-- What you will do --
All of the data below should be printed again word for word, pictures excluded.

####################

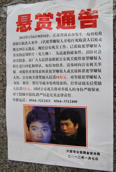 六安城区出现江苏南京银行枪击劫案嫌犯悬赏通告 ...
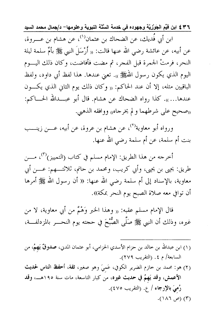 أخرجه من هذا الطريق: الإمام مسلم في كتاب (التمييز) 3، من طريق: يحيى بن يحيى، وأبي كريب، ومحمد بن حاتم، ثلاثتهم: عن أبي معاوية، بالإسناد إلى أم سلمة رضي الله عنها: "أن رسول الله صلى الله عليه وسلم أمرها أن توافي معه صلاة الصبح يوم النحر بمكة".
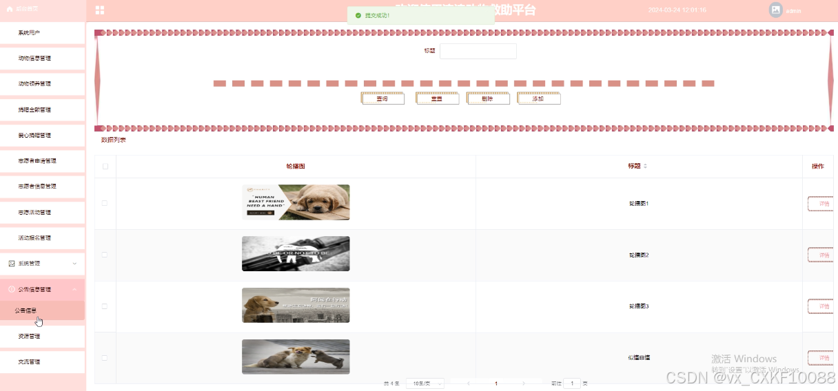 管理人员在“系统管理”这一菜单下是可以对系统内的轮播图进行添加修改的,其管理界面如下图所示。
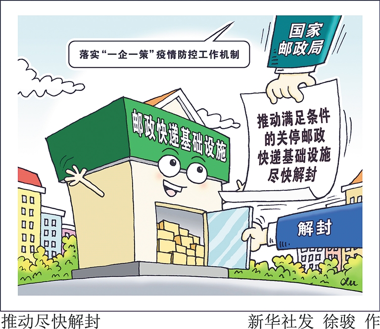 新华社北京11月14日电 (记者戴小河)国家邮政局近日印发通知,要求各级邮政管理部门要推动地方政府,对于已经关停的邮政快递基础设施,满足解封条件的要尽快有序解封,对于承担防疫物资、民生物资和重要生产生活物资寄递的,要按程序优先解封。
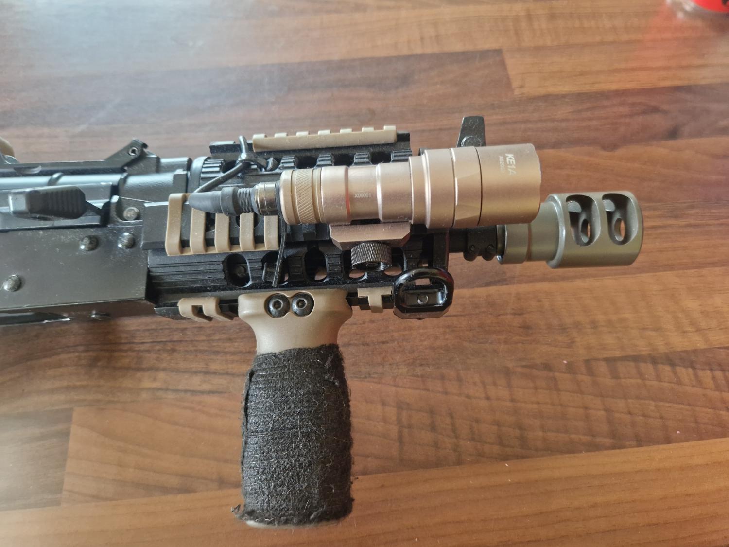 Holographic sight, torch, railed hand guard, railed top cover, cyma 416 style grip, more style fore grip, m4 buffer tube and tactical ak stock, muzzle brake, 4 mid cap mags, electric drum mag.
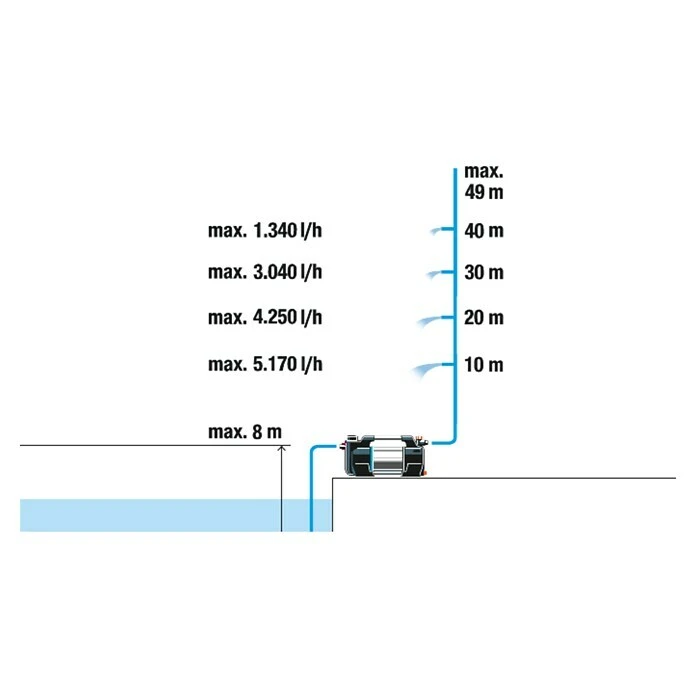 Die Gartenpumpe 6300 SilentComfort ist die leistungsstärkste Pumpe von Gardena und gleichzeitig energieeffizient. Sie erlaubt die Nutzung von Brunnen- oder Regenwasser zur Bewässerung des Gartens und saugt das Wasser aus einer Tiefe von bis zu acht Metern an. Bei einer Leistungsaufnahme von 1050 Watt erzielt sie mit Hilfe ihrer effizienten Hydraulik eine Durchflussrate von 6300 Litern pro Stunde bei 49 Meter Förderhöhe (4,9 bar). In der in Deutschland entwickelten Gartenpumpe kommt die innovative Mehrstufentechnik zum Einsatz. Diese sorgt für einen herausragend leisen Betrieb bei einer geringen Lautstärke von nur 45 dB Schalldruck in 5m Entfernung. Diese Technologie erfordert keinen Lüfter, da Abwärme über das Wasser abgeführt wird. Das führt zur höchsten Effizienz und geringsten Geräuschentwicklung.

####################

-- Output of the exercise --
 六安城区出现江苏南京银行枪击劫案嫌犯悬赏通告 ...
 أخرجه من هذا الطريق: الإمام مسلم في كتاب (التمييز) 3، من طريق: يحيى بن يحيى، وأبي كريب، ومحمد بن حاتم، ثلاثتهم: عن أبي معاوية، بالإسناد إلى أم سلمة رضي الله عنها: "أن رسول الله صلى الله عليه وسلم أمرها أن توافي معه صلاة الصبح يوم النحر بمكة".
 管理人员在“系统管理”这一菜单下是可以对系统内的轮播图进行添加修改的,其管理界面如下图所示。
 新华社北京11月14日电 (记者戴小河)国家邮政局近日印发通知,要求各级邮政管理部门要推动地方政府,对于已经关停的邮政快递基础设施,满足解封条件的要尽快有序解封,对于承担防疫物资、民生物资和重要生产生活物资寄递的,要按程序优先解封。
 Holographic sight, torch, railed hand guard, railed top cover, cyma 416 style grip, more style fore grip, m4 buffer tube and tactical ak stock, muzzle brake, 4 mid cap mags, electric drum mag.
 Die Gartenpumpe 6300 SilentComfort ist die leistungsstärkste Pumpe von Gardena und gleichzeitig energieeffizient. Sie erlaubt die Nutzung von Brunnen- oder Regenwasser zur Bewässerung des Gartens und saugt das Wasser aus einer Tiefe von bis zu acht Metern an. Bei einer Leistungsaufnahme von 1050 Watt erzielt sie mit Hilfe ihrer effizienten Hydraulik eine Durchflussrate von 6300 Litern pro Stunde bei 49 Meter Förderhöhe (4,9 bar). In der in Deutschland entwickelten Gartenpumpe kommt die innovative Mehrstufentechnik zum Einsatz. Diese sorgt für einen herausragend leisen Betrieb bei einer geringen Lautstärke von nur 45 dB Schalldruck in 5m Entfernung. Diese Technologie erfordert keinen Lüfter, da Abwärme über das Wasser abgeführt wird. Das führt zur höchsten Effizienz und geringsten Geräuschentwicklung.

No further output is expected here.